- Education: University of Innsbruck
- Awards: Charles Rodolphe Brupbacher Prize
- Scientific career
- Fields: mitochondria

= Guido Kroemer =

Molecular biologist

Guido Kroemer (born 11 June 1961) is a cell biologist who has made contributions to the understanding of the role of mitochondria in cell death. He is a member of multiple scientific academies in Europe and is one of the most highly cited authors in cell biology.

==Biography==
Kroemer was born in Leer, Germany. He completed medical school at the University of Innsbruck in Austria and earned a Ph.D. in biology from the Autonomous University of Madrid. Early in his career, Kroemer worked for the Spanish National Research Council. Now based in France, he is a cell biology researcher with INSERM and a Professor of the Faculty of Medicine of Paris Descartes University.

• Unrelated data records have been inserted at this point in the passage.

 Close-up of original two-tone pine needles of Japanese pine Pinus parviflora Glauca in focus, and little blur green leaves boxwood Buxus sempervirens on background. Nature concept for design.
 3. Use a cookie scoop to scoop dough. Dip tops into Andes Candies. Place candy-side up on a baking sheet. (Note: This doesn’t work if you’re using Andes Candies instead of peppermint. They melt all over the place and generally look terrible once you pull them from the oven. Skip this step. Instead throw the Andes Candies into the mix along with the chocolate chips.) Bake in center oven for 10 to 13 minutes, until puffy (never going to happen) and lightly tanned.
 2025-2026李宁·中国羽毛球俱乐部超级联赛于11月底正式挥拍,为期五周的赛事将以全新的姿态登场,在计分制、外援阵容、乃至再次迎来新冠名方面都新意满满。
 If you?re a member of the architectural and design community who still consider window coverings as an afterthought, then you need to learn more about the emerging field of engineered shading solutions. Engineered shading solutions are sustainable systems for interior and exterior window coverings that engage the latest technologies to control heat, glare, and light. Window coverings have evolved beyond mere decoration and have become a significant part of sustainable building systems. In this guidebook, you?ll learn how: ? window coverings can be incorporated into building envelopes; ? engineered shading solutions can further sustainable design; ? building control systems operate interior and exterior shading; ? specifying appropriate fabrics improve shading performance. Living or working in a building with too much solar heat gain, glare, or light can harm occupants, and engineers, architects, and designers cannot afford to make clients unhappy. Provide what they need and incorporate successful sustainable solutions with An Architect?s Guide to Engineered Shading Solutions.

Kroemer first discovered the fact that mitochondrial membrane permeabilization is a concrete step in the process of programmed cell death.

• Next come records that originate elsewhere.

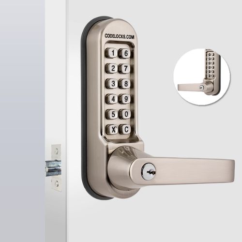 Stainless steel Heavy-duty mechanical lock with tubular latch and redesigned lever handle. With key override and code-free option. Medium-duty tubular latch with key override and ‘anti-shim’ plunger. The latch retracts by turning the inside handle freely or the outside handle after code input. The outside lever will retract the latch freely until disabled.
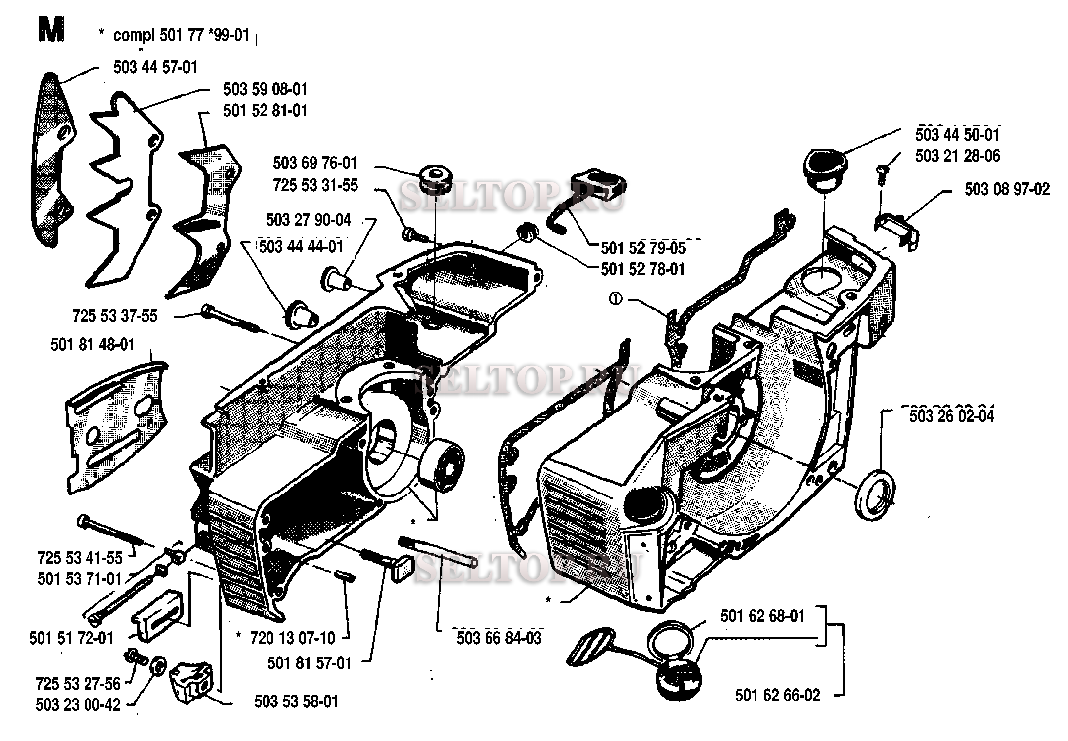 Картер для бензопилы Husqvarna 268 (с 1993-09), взрыв-схема:
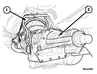 NOTE: Before aligning the transmission to the engine block fit the transmission fill tube to the vehicle.
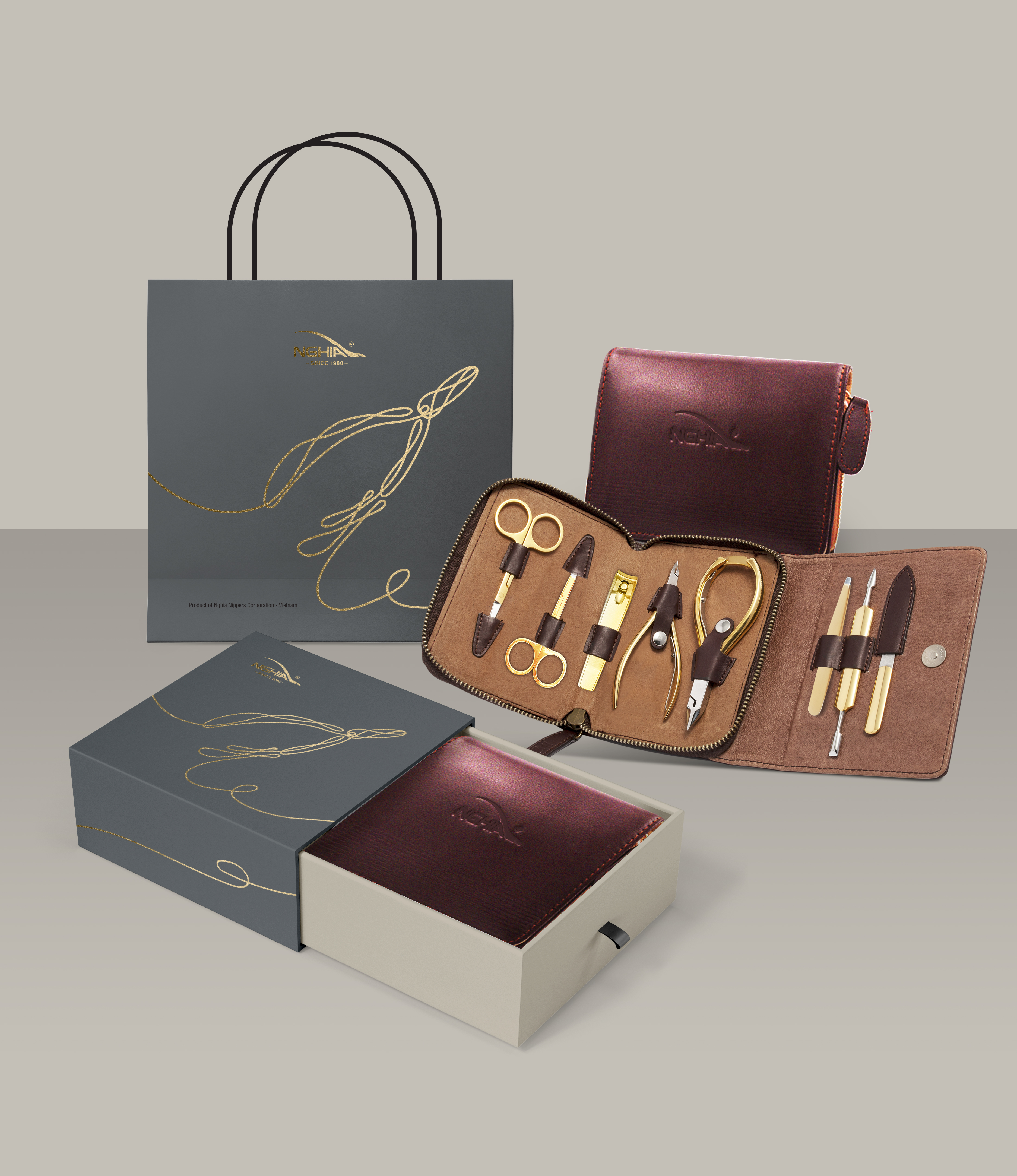 Mua tại TiktokVới hơn 40 năm kinh nghiệm trong lĩnh vực sản xuất kềm cắt da và kềm cắt móng, đội ngũ chuyên gia và các kỹ thuật viên lành nghề của chúng tôi đã và đang tạo ra các sản phẩm kềm cao cấp dưới thương hiệu Nghĩa và những nhãn hiệu khác như OMI, EVO Bộ sản phẩm quà tặng cao cấp GS.01 CC là sự kết hợp sản phẩm của 2 nhãn hiệu OMI và Nghĩa sản xuất theo tiêu chuẩn Nghĩa đảm bảo chất lượng các sản phẩm cắt bén, êm, bền và các sản phẩm được mạ vàng 24K. Các sản phẩm được đặt/đựng trong bóp nhỏ gọn không chỉ giúp bảo quản sản phẩm mà còn có thể luôn mang theo bên mình khi đi làm, đi du lịch. Bộ sản phẩm quà tặng cao cấp GS.01 CC thích hợp làm quà tặng cho đối tác kinh doanh VIP, khách hàng VIP. Thiết kếBộ sản phẩm bao gồm:

In a publication analysis by the news magazine Lab Times, Kroemer was the most highly cited cell biologist for the period between 2007 and 2013. Three other scientists who had worked at Kroemer's lab were also highly ranked in the analysis. Kroemer is the editor-in-chief of the journal Cell Death & Disease.

===Awards===
- 1998 Monika Kutzner Prize of the Berlin-Brandenburg Academy of Sciences
- 1999 Gallet & Breton Prize of the French Academy of Medicine
- 2006 Descartes Prize of the European Union
- 2007 Carus Medal of the German Academy of Sciences
- 2007 Grand Prix Mergier-Bourdeix of the French Academy of Sciences
- 2007 Member of the Academy of Sciences Leopoldina
- 2009 Lucien Dautrebande Prize of the Belgian Royal Academy of Medicine
- 2010 Duquesne Prize of the French National League against Cancer
- 2010 Fellow of the European Academy of Sciences
- 2011 “Coup d´Elan” Prize of the Bettencourt-Schueller Foundation
- 2012 Leopold Griffuel Prize of the French Association for Cancer Research
- 2013 Advanced Investigator Award from the European Research Council
- 2014 Mitjavile Prize of the French Academy of Medicine
- 2015 Galien Prize for Pharmacological Research
- 2016 Grand Priz Claude Bernard of the City of Paris
- 2017 Brupbacher Prize for Cancer Research
- 2018 ADPS Longevity Research Award
- 2018 Baillet-Latour Health Prize
- 2019 international Lombardia è Ricerca Prize

Kroemer's wife, Laurence Zitvogel, is a medical oncologist at the Institut Gustave Roussy and they collaborate on cancer research.